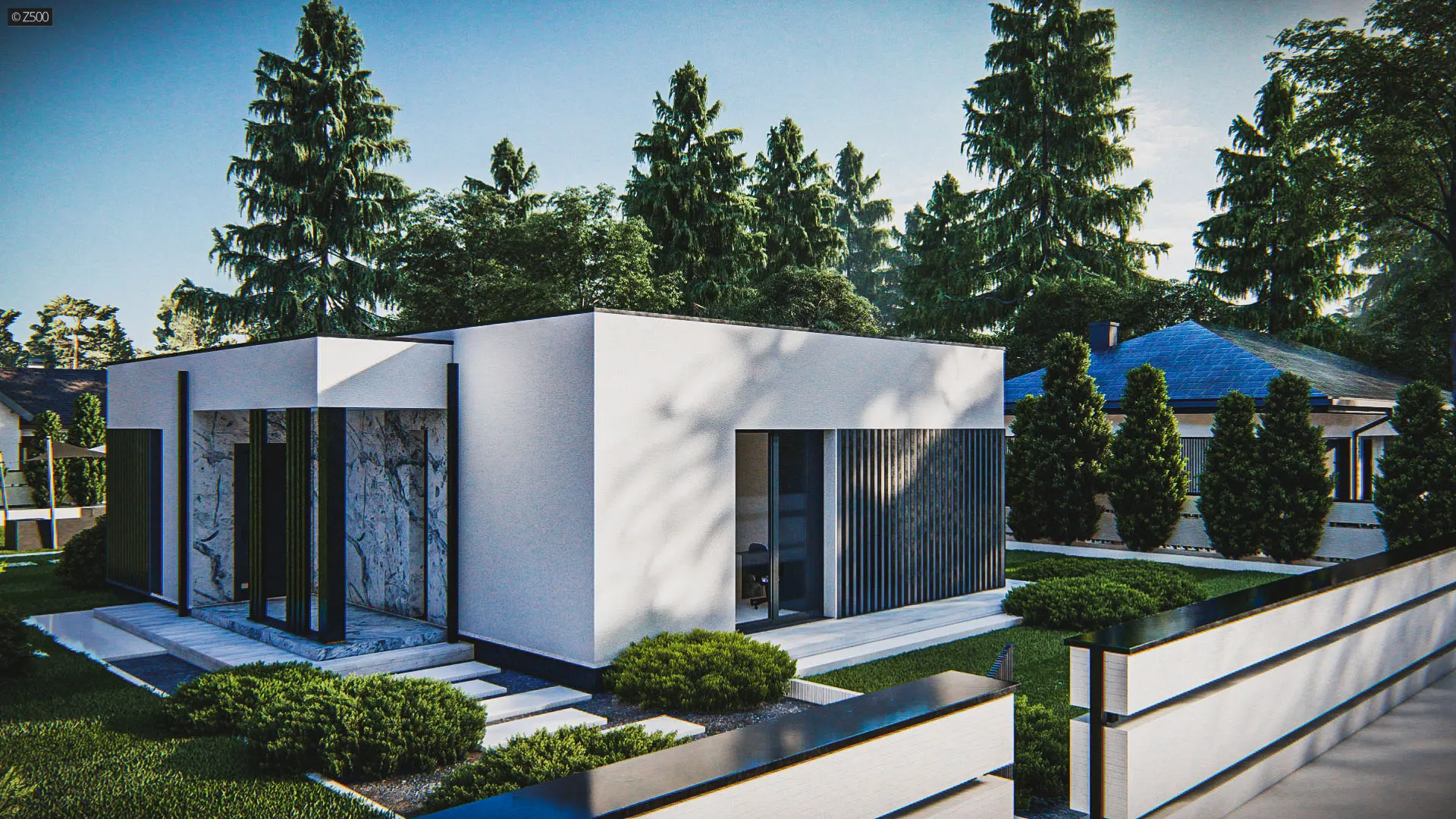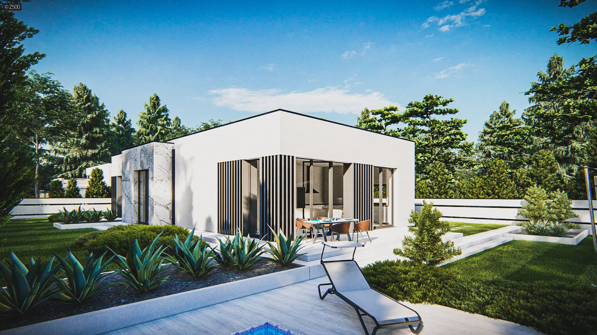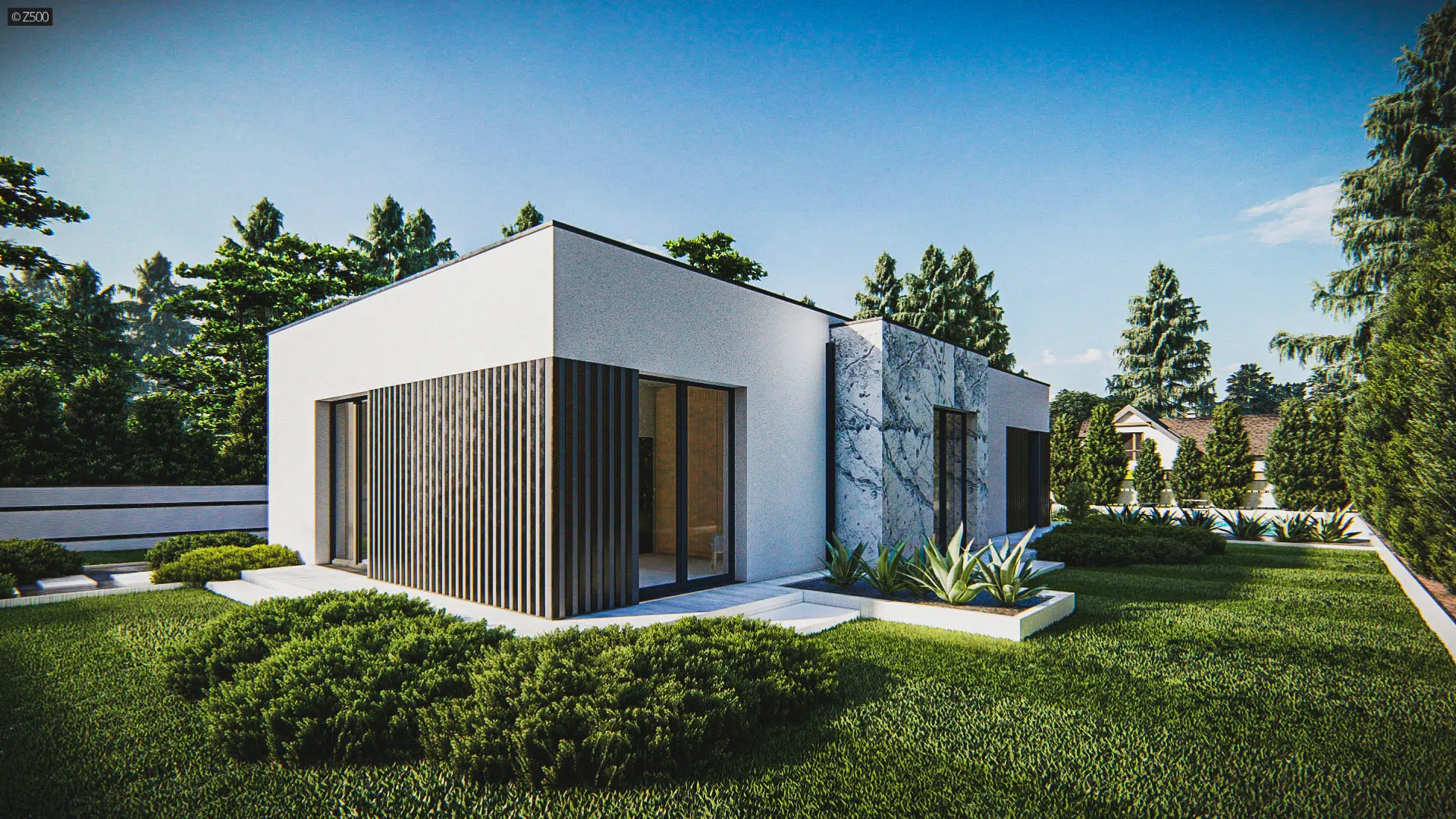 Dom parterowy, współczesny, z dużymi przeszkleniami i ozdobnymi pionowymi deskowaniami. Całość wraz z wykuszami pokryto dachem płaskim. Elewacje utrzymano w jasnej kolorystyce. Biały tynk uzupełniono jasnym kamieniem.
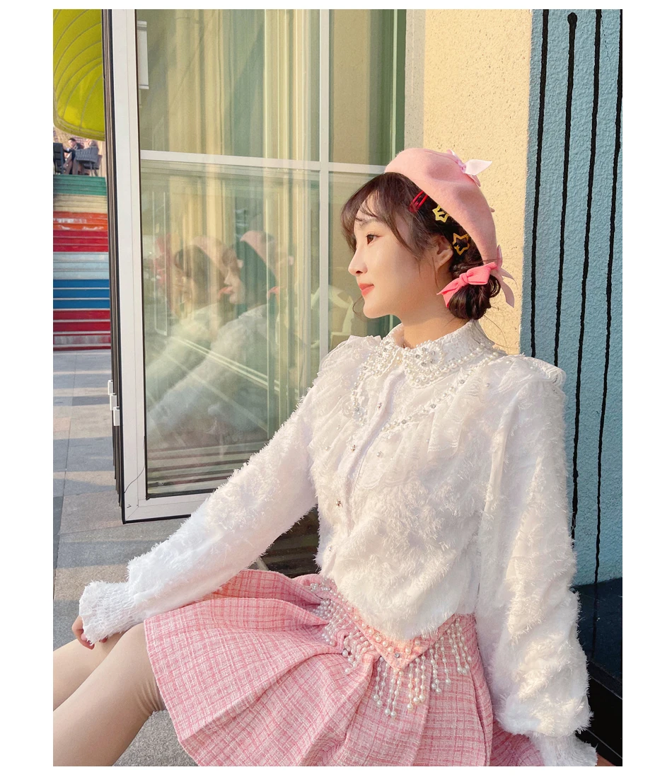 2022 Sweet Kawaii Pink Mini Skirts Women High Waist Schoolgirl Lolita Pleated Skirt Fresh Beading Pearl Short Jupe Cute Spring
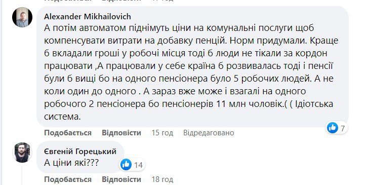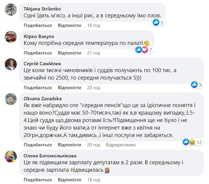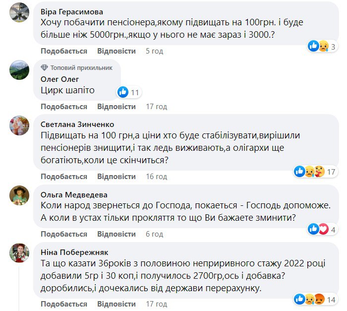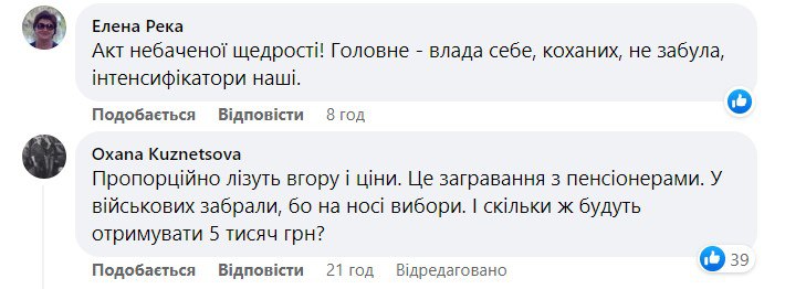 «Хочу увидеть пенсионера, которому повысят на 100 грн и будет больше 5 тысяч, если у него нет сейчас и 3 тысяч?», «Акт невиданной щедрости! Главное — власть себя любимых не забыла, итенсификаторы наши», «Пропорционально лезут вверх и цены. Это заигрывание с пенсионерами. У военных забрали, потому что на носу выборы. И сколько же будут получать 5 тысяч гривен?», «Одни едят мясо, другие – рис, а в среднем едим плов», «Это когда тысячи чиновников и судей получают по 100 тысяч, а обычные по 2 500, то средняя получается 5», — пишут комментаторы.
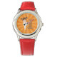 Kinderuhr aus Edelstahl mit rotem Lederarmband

---

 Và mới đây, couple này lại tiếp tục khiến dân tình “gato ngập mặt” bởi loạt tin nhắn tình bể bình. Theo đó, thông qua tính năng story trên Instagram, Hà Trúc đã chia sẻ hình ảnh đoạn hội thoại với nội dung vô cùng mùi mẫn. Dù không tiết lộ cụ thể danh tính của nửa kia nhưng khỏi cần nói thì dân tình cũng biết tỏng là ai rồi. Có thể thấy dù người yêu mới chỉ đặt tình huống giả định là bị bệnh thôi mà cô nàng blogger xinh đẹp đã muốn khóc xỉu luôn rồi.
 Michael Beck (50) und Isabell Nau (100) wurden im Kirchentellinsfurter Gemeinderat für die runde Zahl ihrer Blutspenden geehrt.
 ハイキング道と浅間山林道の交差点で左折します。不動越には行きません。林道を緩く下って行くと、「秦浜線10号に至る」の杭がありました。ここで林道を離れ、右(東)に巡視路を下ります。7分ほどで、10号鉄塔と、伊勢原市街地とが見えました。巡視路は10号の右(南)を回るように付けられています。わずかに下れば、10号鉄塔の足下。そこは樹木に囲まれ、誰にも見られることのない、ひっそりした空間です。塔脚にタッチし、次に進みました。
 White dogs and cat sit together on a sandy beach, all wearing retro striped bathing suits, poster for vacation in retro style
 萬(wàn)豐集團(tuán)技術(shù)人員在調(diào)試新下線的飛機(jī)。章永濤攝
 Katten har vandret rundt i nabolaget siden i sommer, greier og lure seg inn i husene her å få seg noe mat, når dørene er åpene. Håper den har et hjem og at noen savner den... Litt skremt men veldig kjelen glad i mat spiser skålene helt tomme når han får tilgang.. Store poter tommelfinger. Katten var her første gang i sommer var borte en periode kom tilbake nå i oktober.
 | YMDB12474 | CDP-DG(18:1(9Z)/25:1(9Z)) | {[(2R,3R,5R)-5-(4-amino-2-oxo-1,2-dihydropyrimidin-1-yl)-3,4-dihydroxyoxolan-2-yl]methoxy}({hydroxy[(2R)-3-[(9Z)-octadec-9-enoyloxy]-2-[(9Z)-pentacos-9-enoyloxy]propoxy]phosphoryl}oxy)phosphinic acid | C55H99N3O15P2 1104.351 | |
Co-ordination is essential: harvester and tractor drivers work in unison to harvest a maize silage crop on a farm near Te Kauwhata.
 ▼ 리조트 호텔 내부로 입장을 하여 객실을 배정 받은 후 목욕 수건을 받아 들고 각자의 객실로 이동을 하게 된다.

==

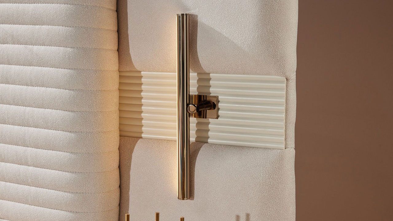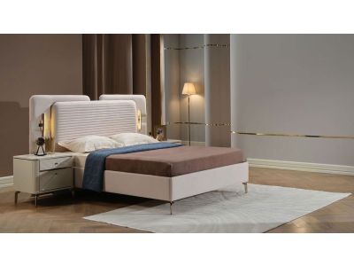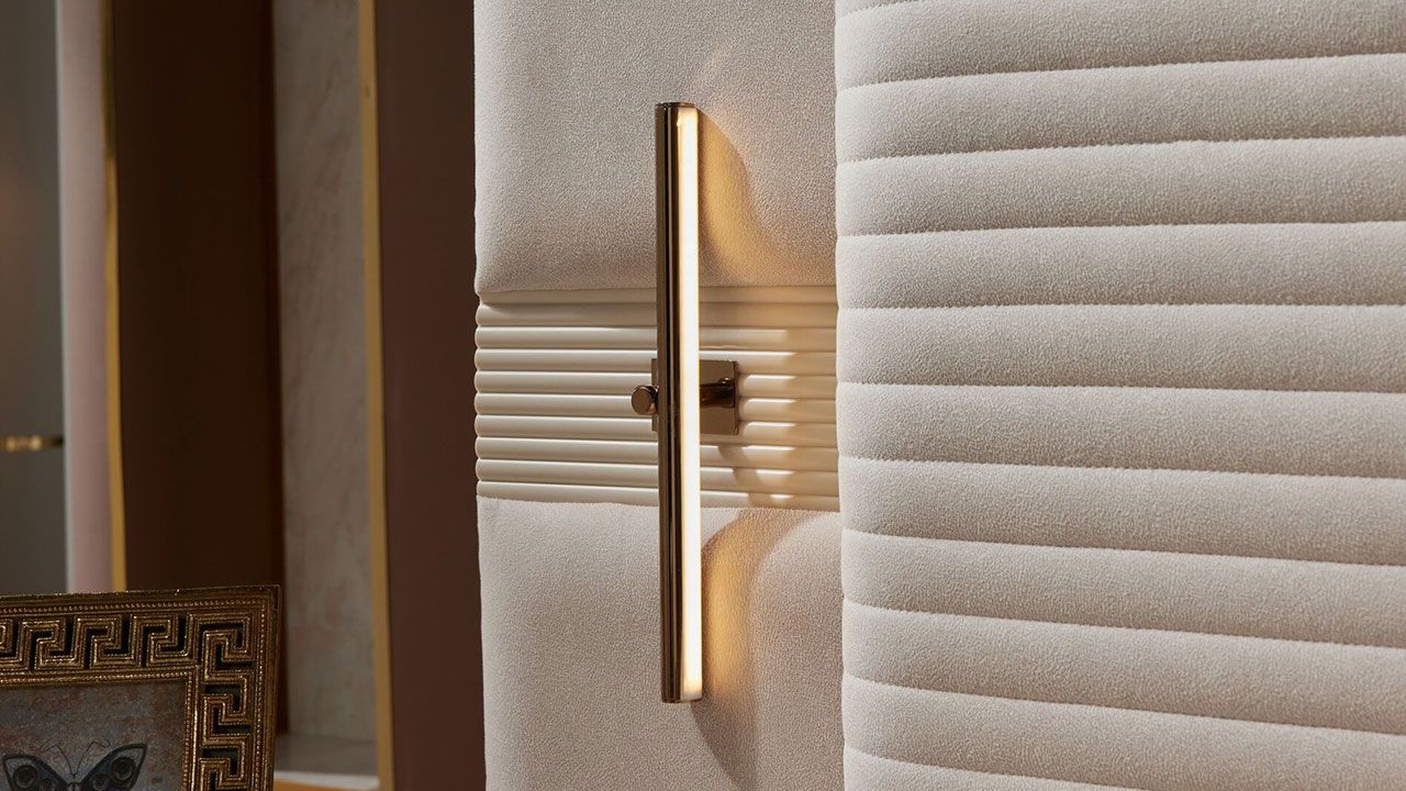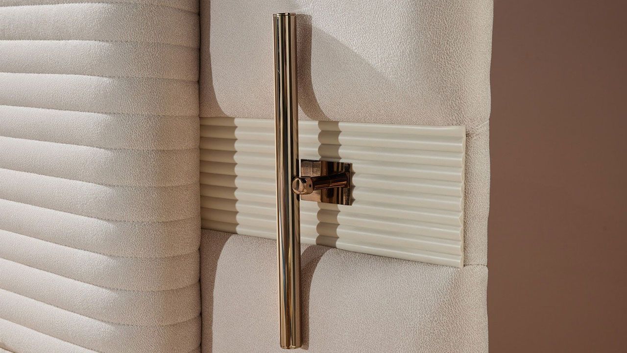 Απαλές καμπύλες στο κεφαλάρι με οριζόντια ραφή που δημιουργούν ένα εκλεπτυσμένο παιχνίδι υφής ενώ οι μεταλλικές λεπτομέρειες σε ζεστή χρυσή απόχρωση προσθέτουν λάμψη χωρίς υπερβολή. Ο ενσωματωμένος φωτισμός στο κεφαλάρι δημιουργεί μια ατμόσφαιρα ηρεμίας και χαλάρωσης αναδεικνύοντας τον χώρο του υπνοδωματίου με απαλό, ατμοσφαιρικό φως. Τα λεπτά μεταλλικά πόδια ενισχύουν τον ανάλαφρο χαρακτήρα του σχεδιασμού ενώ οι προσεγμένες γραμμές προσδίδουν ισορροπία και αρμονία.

- _BRIEF_
Taking the entries above, copy word for word the lines from the one with "увидеть пенсионера, которому" up to and including the one with "Kinderuhr aus Edelstahl", without any picture.

- _RESPONSE_
 «Хочу увидеть пенсионера, которому повысят на 100 грн и будет больше 5 тысяч, если у него нет сейчас и 3 тысяч?», «Акт невиданной щедрости! Главное — власть себя любимых не забыла, итенсификаторы наши», «Пропорционально лезут вверх и цены. Это заигрывание с пенсионерами. У военных забрали, потому что на носу выборы. И сколько же будут получать 5 тысяч гривен?», «Одни едят мясо, другие – рис, а в среднем едим плов», «Это когда тысячи чиновников и судей получают по 100 тысяч, а обычные по 2 500, то средняя получается 5», — пишут комментаторы.
 Kinderuhr aus Edelstahl mit rotem Lederarmband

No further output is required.